What is needed: At the line with "Milling Tools Indexable Insert", start transcribing; stop after the last line of the data below. Keep it exact and leave pictures out.
##############################
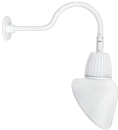
13 & 26 Watt Angled Cone Shade LED Gooseneck Luminaire designed to match the architecture of Main Street storefronts and building perimeters. LED Gooseneck Cone Shade with 24" Goose Arm Style 1.
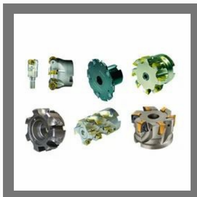
Milling Tools Indexable Insert
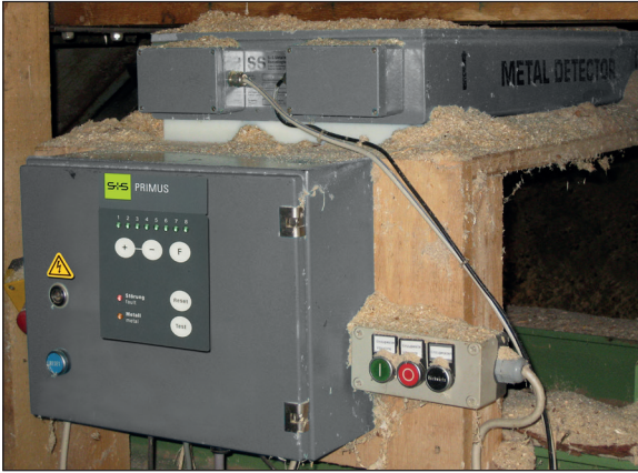
Installation example: Plate type detector ELS with control unit PRIMUS analysing wood off-cuts (old version)
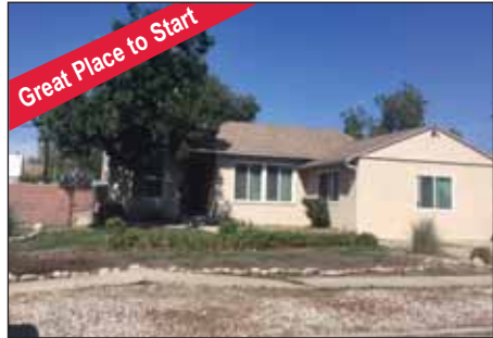
PACOIMA $649,946 Call 1-800-473-0599, Enter Code 2328
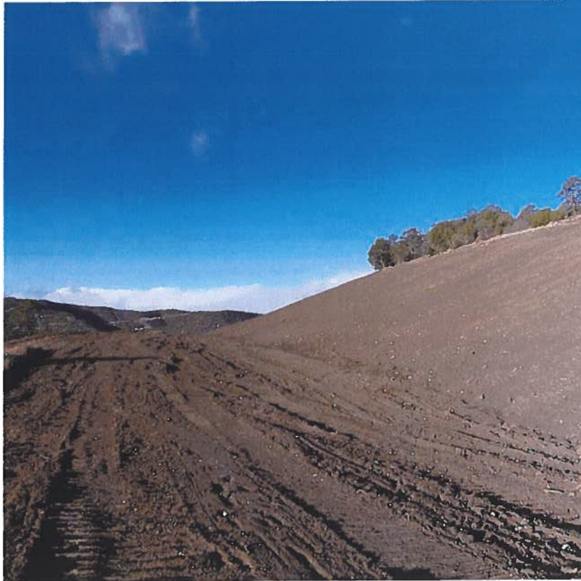
Photo 6 Looking west at west end of reclaimed highwall
##############################
Expected output:
Milling Tools Indexable Insert
Installation example: Plate type detector ELS with control unit PRIMUS analysing wood off-cuts (old version)
PACOIMA $649,946 Call 1-800-473-0599, Enter Code 2328
Photo 6 Looking west at west end of reclaimed highwall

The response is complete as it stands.